YOUR INSTRUCTIONS: Print the lines exactly. Start at the first line of the material below, end with the line that contains "6、儀器帶有監(jiān)管", and skip all pictures.

━━ INFORMATION GIVEN

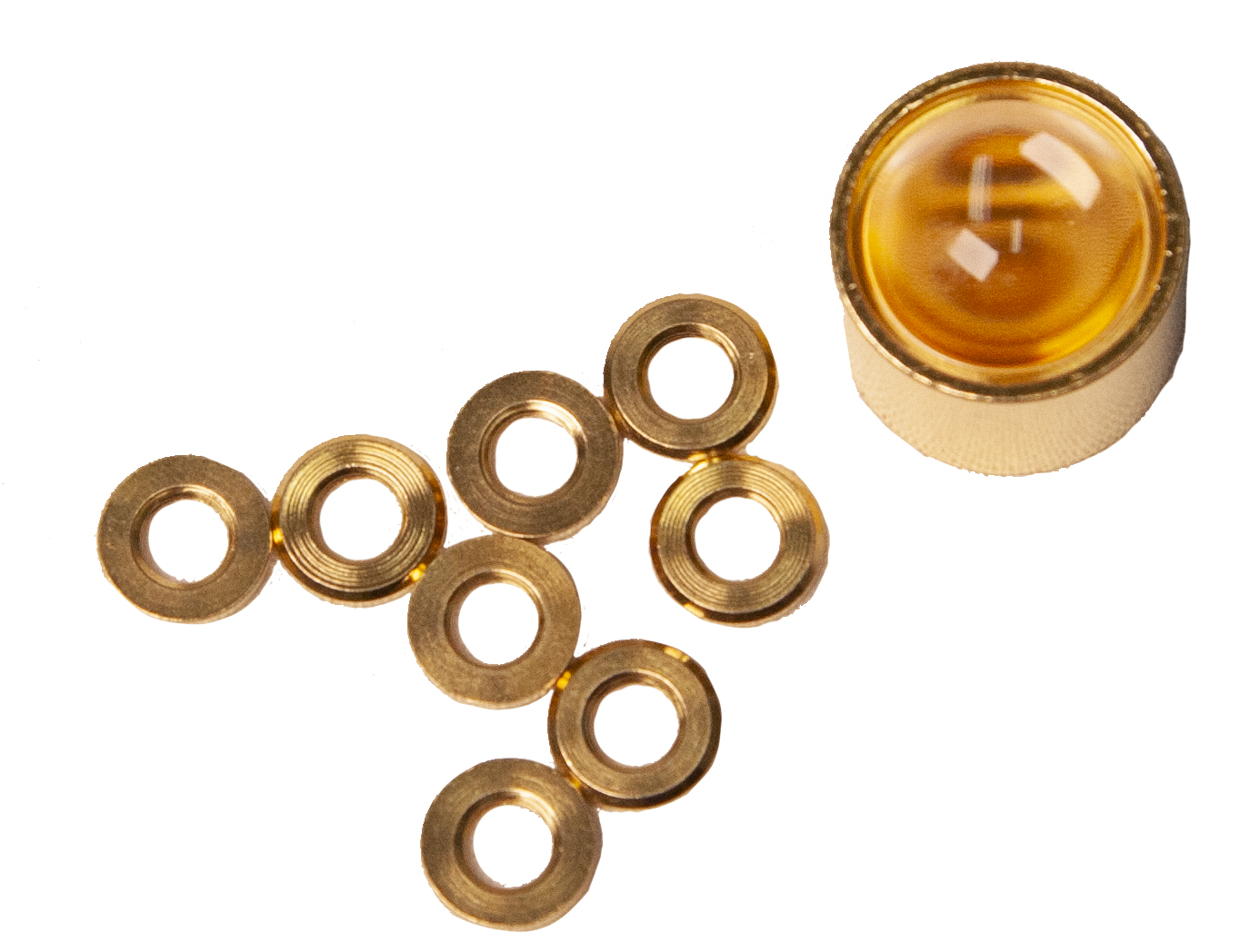 Комплект линз, включая 8 стопорных колец М5 и линзу для подсветки пара над каменкой CR-09 М5. Цвет золото.
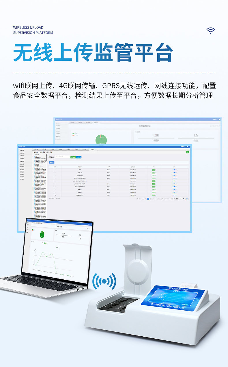 6、儀器帶有監(jiān)管平臺。檢測結(jié)果可直接無線上傳。進行數(shù)據(jù)分析處理,檢測乳制品等長短期動態(tài),達到問題預(yù)估、預(yù)警。
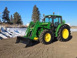 John Deere 633 loader, Q/A, 80 inch bucket, grill guard, 90 HP, diesel engine, 24 speed Auto Quad partial power shift transmission, 50 Km top speed, cab, joystick, A/C, radio, air ride seat, buddy seat, 540/1000 PTO, 3 point hitch, 4 rear hydraulic outlets, 480/70R28 front tires, 580/70R38 rear tires
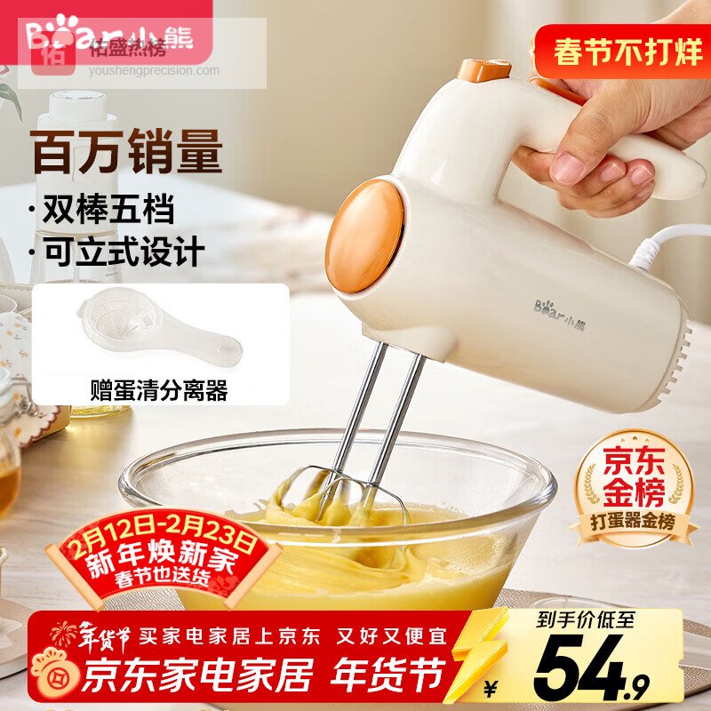点评:这款小熊打蛋器的设计确实挺贴心的,五档调速可以应对各种搅拌任务,比如打奶油、蛋白都没问题。双棒搅拌,接触面积大,打发的速度快又均匀,不会溅得到处都是。手柄的人体工学设计,握起来特别舒服,不会觉得手酸,用久了也不累。
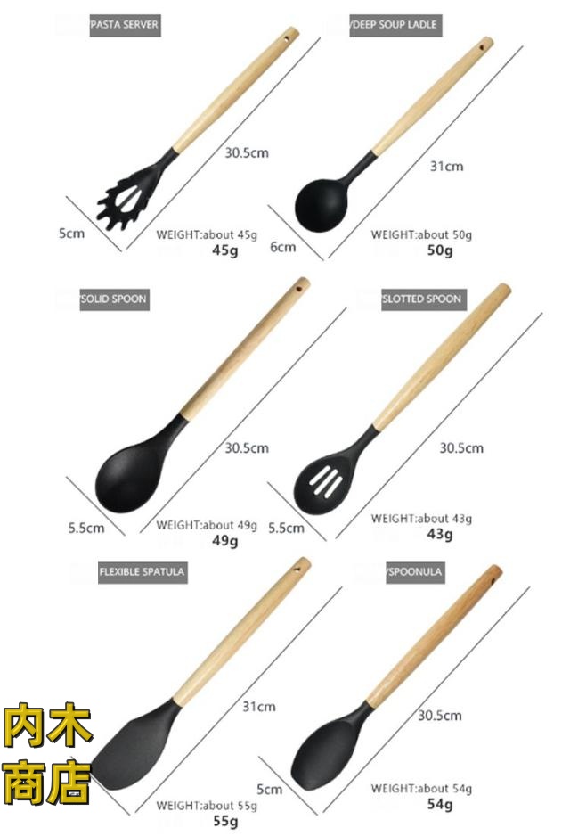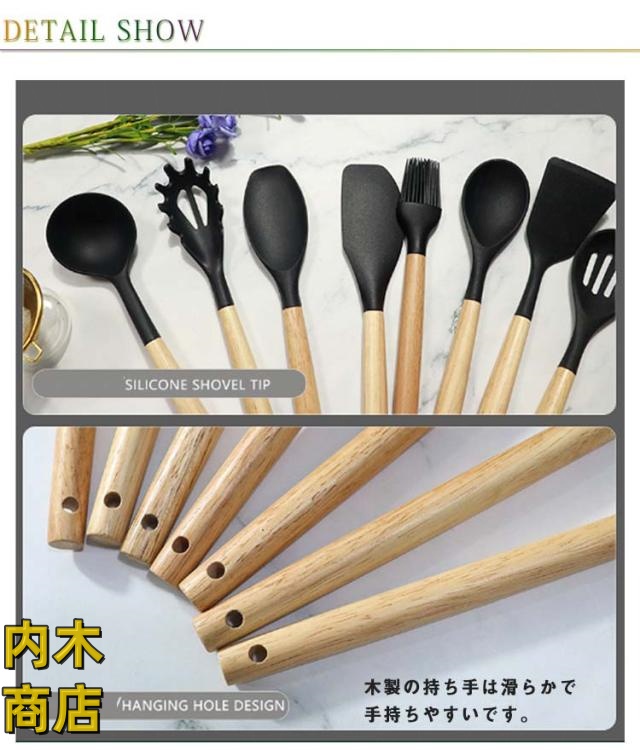 | 全6色!キッチンツール12点セット。 安全なシリコン素材で作られたキッチンツール。統一感と清潔感が備え、キッチンの雰囲気に合わせ、飾れるようになります。 高品質なシリコン製で、柔らかくて鍋などに傷をつけることを心配する 必要がありません。変形・変色もしにくく、デザイン性と機能性が兼ね 備えたキッチンツールです。 ノンスティックで食材が付着することによるロスも少なく、洗浄も簡単です。 汚れても水洗い出来ることでお手入れがとても簡単です。 先端はシリコン製なので、安全素材で耐高低温性に優れ、耐久性も備えています。 食器洗い機、食器乾燥機にも対応できます。 木製の持ち手は滑らかで手持ちやすいです。 2WAYで収納便利。壁に掛けて収納ができるのと専用の収納ボックスにすっきりと収まる。 | |
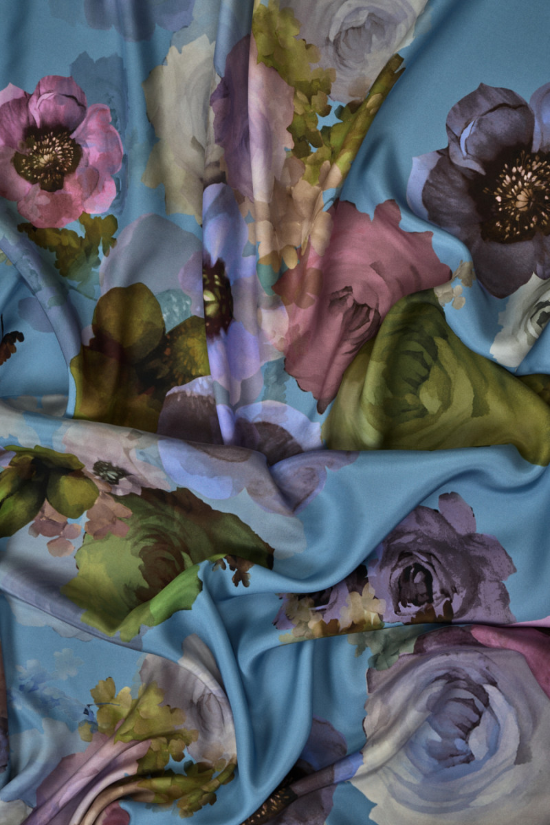 Italian 100% silk satin with a motif of large, pastel flowers on a blue background. Delicate large pattern made on the matte side, the largest flower is 20cm*20cm. Floral motifs in calm colors go from more intense colors from one edge of the fabric to pale ones on the other edge - we recommend sewing circumferentially. The fabric is flowing, soft, non-elastic and very pleasant to the touch. It is perfect for airy dresses, skirts, as well as blouses and tunics.
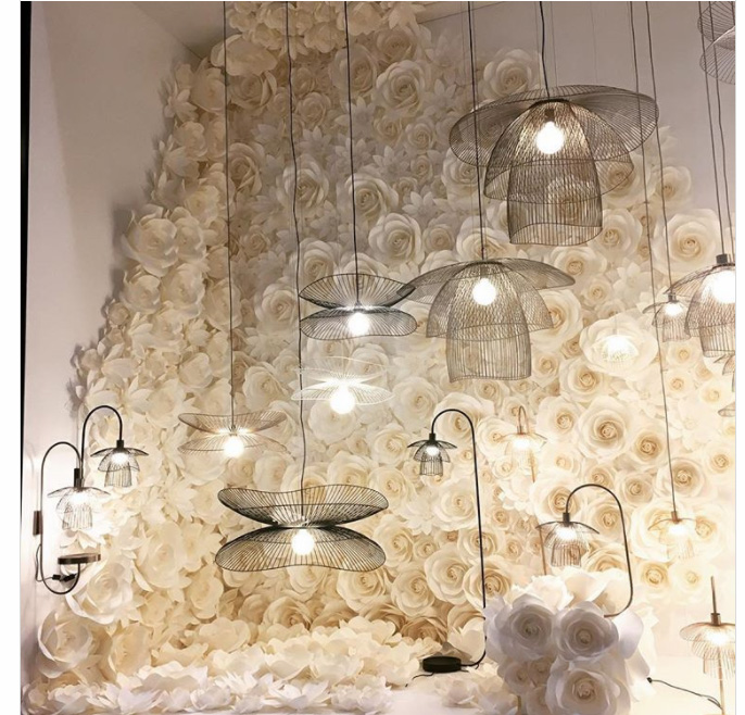 Французская осветительная компания Forestier продемонстрировала свои последние подвесные светильники на Maison & Objet 2018. И в то время как декоративные предметы были привлекательными сами по себе - это были белые-белые бумажные розы, светильники, с которыми они были показаны, действительно заставляли сделать паузу. Минимализм соответствует деталям, как в изделии, так и на стенде.
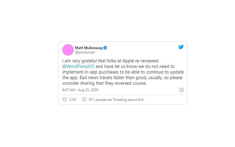 ওয়ার্ড-প্রেস এর প্রতিষ্ঠাকালীন ডেভেলপার, Matt Mullenweg কিছু দিন আগে একটি টুইটে জানান, "Apple তাদের WordPress অ্যাপ এর আপডেট ব্লক করে রেখেছে, এবং ডেভেলপারদের চাপ দিচ্ছে যেন তারা আপডেট চালু হবার জন্য পেমেন্ট মেথড যোগ করে"। তিনি আরও জানান Apple এর পরিকল্পনা ছিল পেমেন্ট অপশন চালু করে ইউজারের কাছ থেকে অর্থ সংগ্রহ করা।
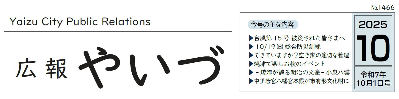 ‐焼津が誇る明治の文豪‐小泉八雲 『怪談』などの作品で知られる明治の文豪・小泉八雲(ラフカディオ・ハーン)は焼津と縁のある人物です。 NHKで放送されている、連続テレビ小説「ばけばけ」は八雲の妻・セツをモデルにした物語です。 放送を機に、市内で盛り上がる八雲に関するさまざまな企画などを紹介します。 問合せ:焼津小泉八雲記念館(三ケ名1550 焼津市文化センター内) 【電話】620-0022 ■広がる八雲ブーム ▼八雲グッズや料理が...
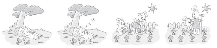 仔细看图,小白兔本来在干什么?后来有了怎样的改变?请你发挥想象,用几句话写一写。
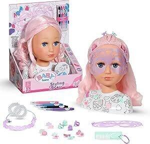 BABY born Tête de Coiffure Créative - Tête de Coiffure de poupée pour Les Enfants à partir de 3 Ans - Tête de Maquillage avec Cheveux Roses, marqueurs pour Peindre & Plus de 20 Autres Accessoires : Amazon.fr: Jeux et Jouets
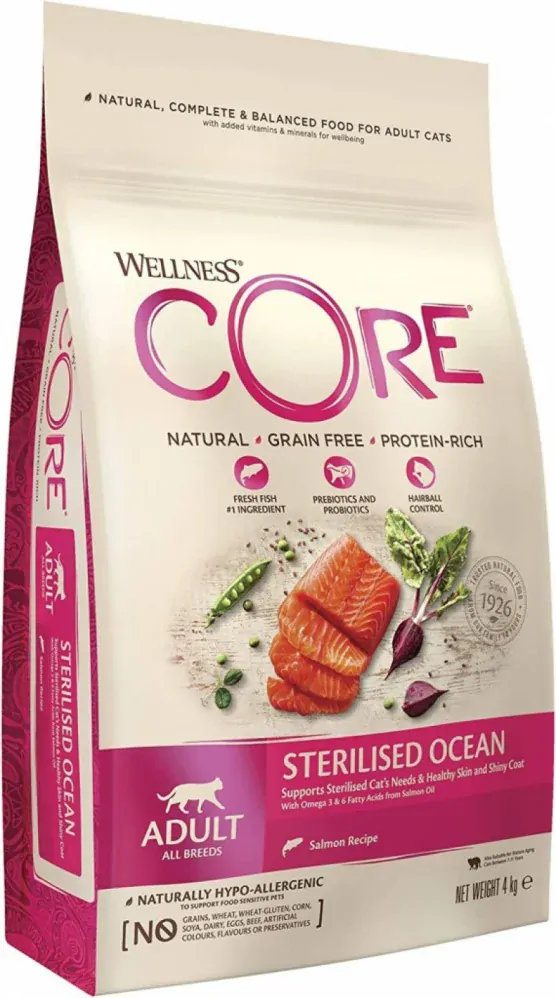 Zdravou pokožku, lesklou srst a optimální váhu zajistíte vaší kočce superprémiovým krmivem Wellness CORE Sterilized Ocean, které je zdrojem omega 3 a 6 mastných kyselin z lososového oleje. Krmivo, které bylo navrženo speciálně pro sterilizované kočky, udrží kočku zdravou a v optimální váze. Obsahuje pouze vysoce kvalitní bílkovinné přísady. Základem krmiva je čerstvé maso z lososa. Receptura bez drůbeže je ideální pro kočky, které potřebují jiný zdroj bílkovin (pro citlivé kočky, které nemohou jíst drůbeží proteiny). Se sníženým obsahem kalorií odpovídá sníženým potřebám méně aktivních nebo sterilizovaných koček. Zároveň je vhodná také pro starší kočky mezi 7-11 lety. Jedná se o přírodní, kompletní a vyváženou recepturu spolu s jedinečnou směsí zdravých zelenin, superpotravin a doplňků výživy. Díky vysokému množství vlákniny, podporuje snižování tvorby trichobezoárů.
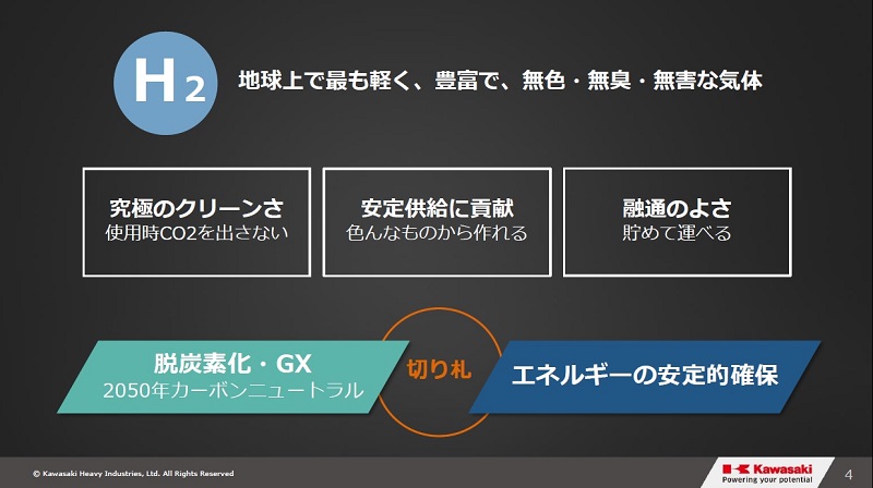 西村氏は、これら水素の特徴を挙げたうえで、「水素なしでは、日本のカーボンニュートラルは進まない」と続け、長年、水素に向き合ってきた川崎重工の取り組みを紹介。水素活用に向けてクリアしなくてはならない問題について明かした。

━━━━

TASK OUTPUT:
 Комплект линз, включая 8 стопорных колец М5 и линзу для подсветки пара над каменкой CR-09 М5. Цвет золото.
 6、儀器帶有監(jiān)管平臺。檢測結(jié)果可直接無線上傳。進行數(shù)據(jù)分析處理,檢測乳制品等長短期動態(tài),達到問題預(yù)估、預(yù)警。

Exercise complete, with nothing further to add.